Having been repeatedly urged to sack the disrespectful loose cannon Braverman, Sunak eventually did so, swiftly followed by Braverman presenting this humiliation as her ‘resignation’, writing Sunak a venomous letter, which, amongst other things, accused him of reneging on an agreement they had reached to secure her support during the leadership contest. It sounded as if she was over-estimating the value of this ‘support’, but if this letter was surprising, much more was to come, including Sunak’s Cabinet reshuffle. Mostly deckchairs on the Titanic stuff, it saw the not before time departure of the lazy and disengaged Therese Coffey, the demotion of James Cleverly from the Foreign Office to Home Secretary (demotion as Cleverly had loved the jetting around the world) and the installation of an inexperienced Victoria Atkins at the Department for Health and Social Care. Just one absurdity the media seized on was her husband being MD of British Sugar, yet Atkins maintained that no conflict of interest was involved.
What no one saw coming was Sunak bringing back David Cameron from the political wilderness, and what would have had some people spitting including Nadine Dorries, giving him a peerage to enable his new Foreign Secretary role. This was yet another plank in the creation of the constitutional crisis. As many pointed out, as a member of the House of Lords Cameron cannot be accountable to the Commons – seen as yet another way Sunak has connived to avoid scrutiny.

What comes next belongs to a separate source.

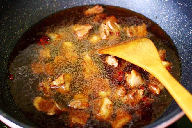 7.鍋中燒熱倒入花生油,放入冰糖小火慢慢炒至融化變成黃色。

As if there wasn’t already enough to debate, the political discourse was inflamed further by the Supreme Court’s rejection of the Rwanda plan, giving rise to the deepening crisis, Sunak seeming to lose all sense of reality by defiantly deciding to create emergency legislation in an attempt to circumvent the judgement. One of the many dystopian elements of this situation has been the number of Tories prepared to take this seriously, for example Home Office minister Laura Farris during various media interviews trying to insist that only one part of the plan was rejected and trying to normalize the Orwellian intention to legislate.
Needless to say, commentators were fulsome in their responses, some castigating the untruths behind this move and also pointing out that threatening to leave the ECHR would wreck the Good Friday Agreement. Some still stick to the line that the UK is a democracy, but it now feels more de jure than de facto. What kind of country are we living in, where our elected representatives break the law right, left and centre, line their own pockets at every opportunity, curtail free speech, fail to address the cost of living crisis and undermine the regulatory framework to the extent that it barely works?? No wonder the waiting list for talking therapy is through the roof, because these events introduce yet more uncertainty on top of financial struggles and the fact that nothing in the UK is working.
Said Martin Kettle in the Guardian: ‘The Rwanda judgment drives a coach and horses through a signature policy on migration, thus leaving the underlying cross-Channel migration problem completely unsolved. At the same time, it is also an explicit refutation of the argument that the European convention on human rights (ECHR) is the easily addressed cause of the defeat, because that is quite simply untrue. It is hard to see where the policy goes from here, other than to the knacker’s yard’.
John Crace captures the heart of the crisis, illustrating how Sunak and most in his government have embraced ‘post-truth’ to get round facts, they fantasize. ‘Rishi had uncovered the secret of government. Any uncomfortable truths could just be airbrushed out of history by an act of parliament. No more would the UK be constrained by reality. If you didn’t like something, you could make a law to suit your own version of events. There was no longer such a thing as truth. Just post-truth. The world really could be how you wanted it to be. It didn’t matter if Rwanda was objectively safe. Only that the government had said it was. That changed everything’. The Humpty Dumpty of politics, where words can mean whatever you want them to mean. Former Supreme Court judge John Sumption has called it ‘a law to change the facts’.
‘He implied that the government was already well on the way to securing changes that would in fact allow it to comply with the ruling. There would be a new treaty with Rwanda and emergency legislation deeming the country “safe”, and the flights could then begin. Forget it. Even Sunak himself is unlikely to believe what he said today’. Much of this clearly about saving face but it’s alarming the lengths Sunak has gone to, especially when many can see how risible it is. Well, it would be if it wasn’t so serious. Observed one tweeter: ‘: This is the manufacture of massive distractions from Tory failures. We have a Tory government obsessed with “illegal” immigration, feeding the extremes of their voting base. That’s why they won’t address the claim backlog – they need the issue simmering in media and thus in public consciousness, rather than inflation, NHS, schools, energy etc’. Another said: ‘Our entire establishment is corrupt. The regulators don’t do their job, whether regulating sewage dumping or financial plunder and the govt and far too many MPs find personal plunder more important than pride in and duty to their nation. We have a government of vipers at war with its citizens’. Another X user made a key point about the cost: ‘How many more billions are we going to have to spend on buttressing idiotic Tory hubris?’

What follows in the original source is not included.